Labour’s quango fandango
Labour’s plans to grow the economy with private capital are already under scrutiny.

The CEO of Stellantis UK has threatened to shut its British factories unless the next government provides more incentives to boost electric vehicle production and cuts quotas for zero-emissions vehicles. 

So what? Labour’s industrial strategy is already getting its tyres kicked. If victorious, the party says it will boost growth by using 

  • publicly-funded quangos like GB Energy; and
  • a new National Wealth Fund to leverage billions in private money, including £1.5 billion to catalyse investment in new EV gigafactories. 
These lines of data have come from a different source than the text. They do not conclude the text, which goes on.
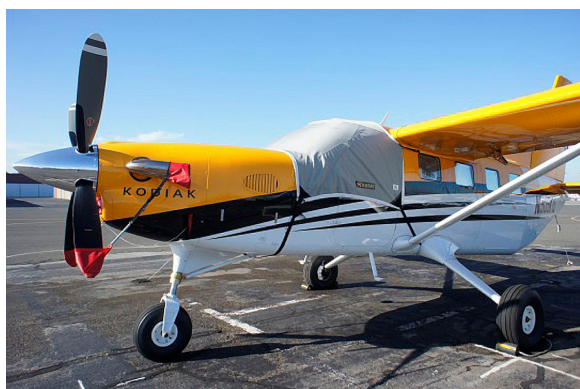
Quest Kodiak Cockpit Cover, Engine Plugs, Prop Tie/Exhaust Covers, & Cabin HeatShields set

This cover type is made from Silver Acrylic Sunbrella canvas and is 100% lined with a soft and smooth microfiber. Bruce's Custom Covers developed this material combination especially for aircraft protection. The outer material is medium weight and treated for water resistance, UV resistance and anti-static buildup. The inner lining is a very soft and smooth microfiber to prevent scratching. The material is very reflective, and tests show that the cabin interior temperature can be reduced to near-ambient temperature on the hottest of days. It is water, ice and snow repellent, yet breathable to allow moisture to escape from between the cover and the aircraft surface.
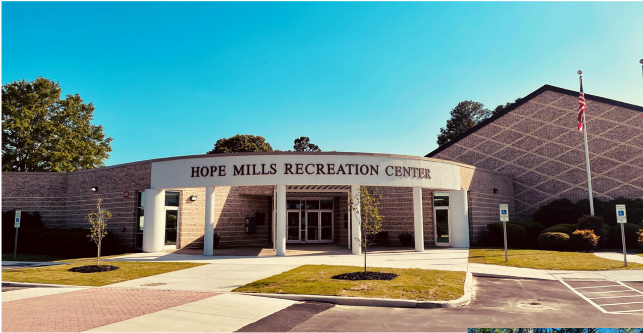
Hope Mills Recreation Center (pictured left)
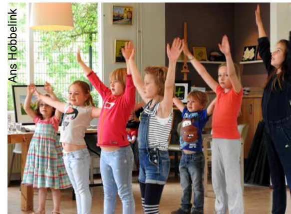
Children of allotment gardeners and from the neighbourhood in the clubhouse practising a dance.
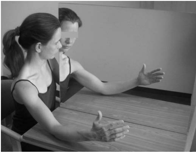
Figure 1 Setup for Mirror Therapy

Note: The patient's affected arm is hidden behind the mirror. While she is moving her unaffected arm, she is watching its mirror image as if it were the affected one.
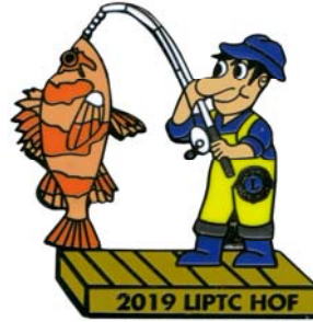
Gene English (NC) Class of 2007
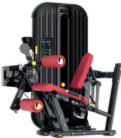
LEG CURL + EXT.
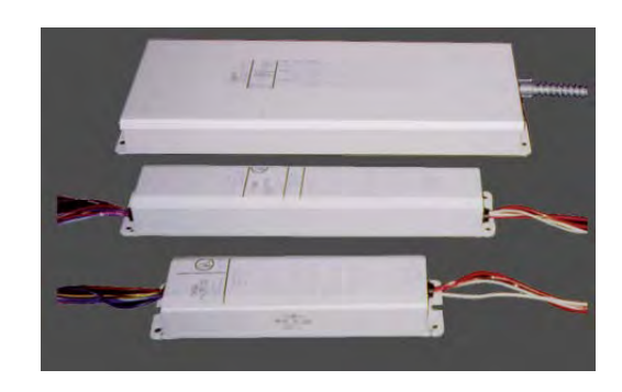
Typical Emergency Light Units and Florescent Fixture Ballasts with a 10-year Manufacturer's Estimated Service Life Battery

Is it enough? As Andy Haldane, former chief economist at the Bank of England, remarked this week: “quangocracy does not a growth plan make”. 

PFI 2.0? Public-private partnership has a chequered history in the UK. In 2018, then-chancellor Philip Hammond ditched the Private Finance Initiative (PFI) after the collapse of Carillion and an audit report that found £170 billion of taxpayer money had been spent on projects that in the end produced assets worth barely £60 million.

PFI left deep scars. More than 300 contracts will expire in the next decade. Some have already ended in shouting matches and lawsuits. “If there’s a very big [Labour] majority, the backbenchers will have loud voices, and I think there will be some internal resistance to working collaboratively with the private sector,” says Sarah Gordon of the Grantham Research Institute at LSE.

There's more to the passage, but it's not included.